Extracted information:

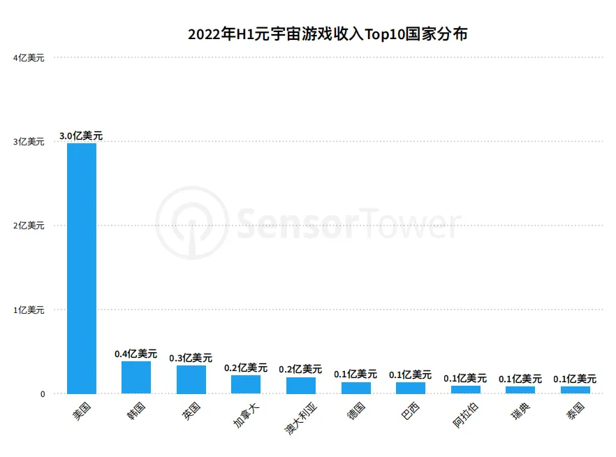 而收入的Top2-Top5分别是韩国、英国、加拿大和澳大利亚,其中韩国市场表现最为亮眼,收入超过4000万美元。韩国对于元宇宙概念接受度极高,目前甚至形成了初步的政府引领、民间主导、各大企业开拓、偶像工业驱动的相关产业,甚至韩国计划在2026年成为元宇宙大国。虽然很多人指出目前韩国的元宇宙产业仍处在资本炒作阶段,但这也一定程度上反映了元宇宙在韩国传播之广。
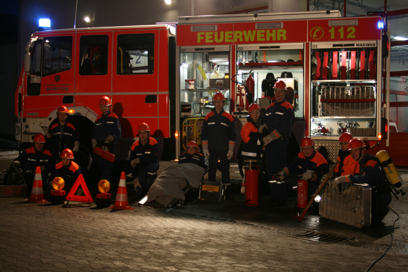 Das ist bei uns wörtlich zu nehmen. Bei uns lernt man alles Rund um die Feuerwehr. Was in einem Feuerwehrauto so alles drin ist und wie man es richtig benutzt. Selbstverständlich darf fast alles auch selbst, unter Aufsicht, benutzt werden. Wie lösche ich ein Feuer am schnellsten? Wie bekomme ich einen verunfallten PKW auf? Was ist Gefahrgut? Wie sichere ich eine Einsatzstelle ab? Was tue ich bei einem „Unfall“, kleinen Verletzungen oder wie setzt man einen richtigen Notruf ab? All dies und noch viel mehr wird in den einzelnen Dienststunden von den Betreuern, die alle selbst Feuerwehrmänner sind und über Fachweiterbildungen verfügen, vermittelt. Einmal im Jahr nehmen wir an den Jugendfeuerwehrwettkämpfen oder dem Stadtpokal teil. Natürlich kommt bei uns die Freizeit auch nicht zu kurz. Wir nehmen jedes Jahr an einem Zeltlager mit anderen Jugendfeuerwehren teil, führen sportliche Turniere untereinander durch oder spielen einfach mal Fußball gegen die „großen“ Feuerwehrleute!
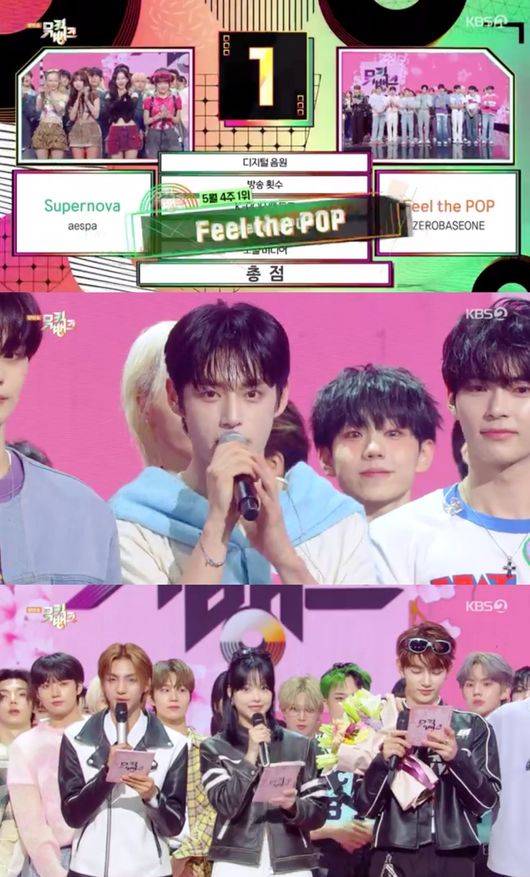 24일 오후 방송된 KBS2 ‘뮤직뱅크’에서는 에스파의 ‘슈퍼노바’와 제로베이스원의 ‘필 더 팝’이 5월 넷째주 1위 후보로 선정된 가운데, 제로베이스원이 1위에 올랐다.
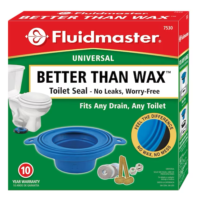 Fluidmasters Better Than Wax Seal ofrece una solución sencilla, sin ensuciar y sin fugas al reemplazar el sello del inodoro. El sello para inodoro sin cera Fluidmaster 7530 Better Than Wax es una solución innovadora a un viejo problema del inodoro: los sellos de cera. Diseñado para ser una pieza de reparación de inodoro verdaderamente universal que se adapta a cualquier inodoro, desagüe o brida. El diseño único elimina la preocupación de colocar el inodoro en la posición incorrecta, simplemente levántelo y reposicionelo. Los sellos de repuesto para inodoro Better Than Wax funcionan sobre el suelo, incluso con el suelo, debajo del suelo o en superficies irregulares para una instalación sin preocupaciones. Una solución superior que elimina la cera sucia y reduce el tiempo de reparación. Construido para durar, este diseño de sello de caucho duradero para inodoro también ofrece pernos y herrajes de latón que no se oxidan, junto con una garantía de 10 años. Elimine la molestia de reemplazar el sello de cera de su inodoro con Fluidmaster Better Than Wax.
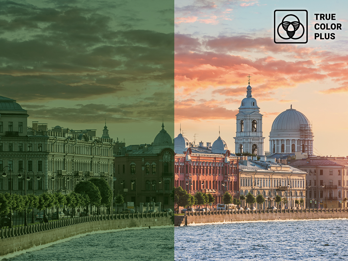 Мы используем уникальную технологию в светофильтрах, чтобы вы смогли наслаждаться естественными цветами и максимальным цветовым объёмом. Оцените по достоинству натуральные цвета и детали, которые обеспечивают светофильтры TRUE COLOR PLUS.
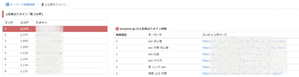 2) 入力したキーワードで上位表示されているドメインを一覧で表示します。
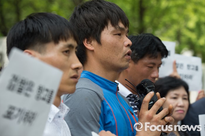 (서울=포커스뉴스) 11일 오전 서울 서초구 대검찰청 앞에서 사건의 피해자와 유가족들이 '삼례 나라슈퍼 3인조 강도치사 사건' 진정서 제출 기자회견을 하고 있다.
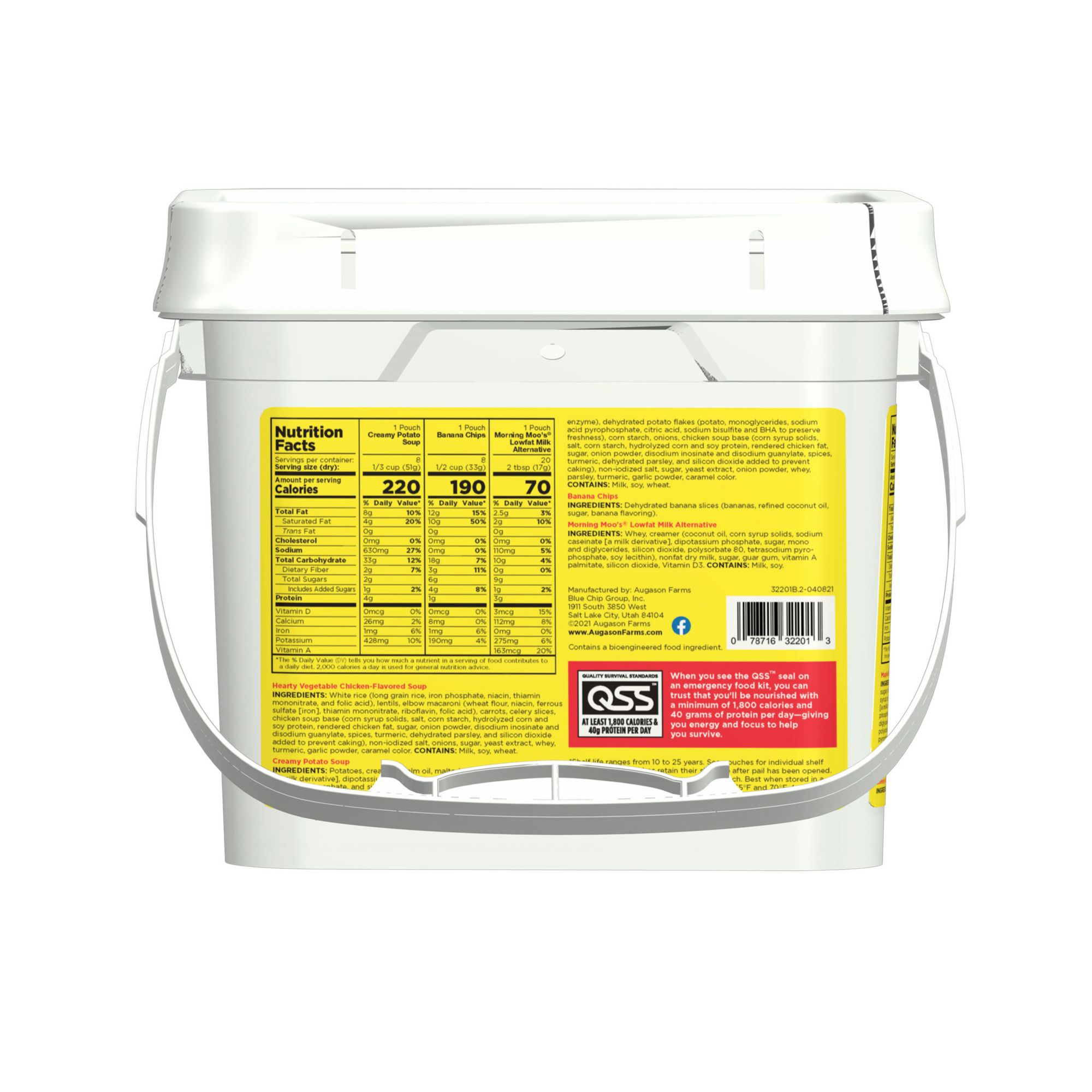 The Augason Farms 1-Week 1-Person Emergency Food Supply provides 78 total servings and an impressive 1,783 calories per day. 8 easy-to-prepare meal varieties, including breakfast, lunch, dinner, milk and a fruit snack, are packaged in a convenient grab-and-go pail. Not only will you thrive on the nutritious meals, you will enjoy the variety and great taste. Meals are easy to prepare by simply adding water and simmering for a few short minutes. All this coupled with a 25-year shelf life, and you have an emergency food solution freeing you from the worry of an unexpected emergency for years to come.

Required action: Write out word for word the lines of the listing above from the line with "Мы используем уникальную" to the line with "2) 入力したキーワードで上位表示されているドメインを一覧で表示します。", taking in both of those lines but no pictures.

Exercise output:
 Мы используем уникальную технологию в светофильтрах, чтобы вы смогли наслаждаться естественными цветами и максимальным цветовым объёмом. Оцените по достоинству натуральные цвета и детали, которые обеспечивают светофильтры TRUE COLOR PLUS.
 2) 入力したキーワードで上位表示されているドメインを一覧で表示します。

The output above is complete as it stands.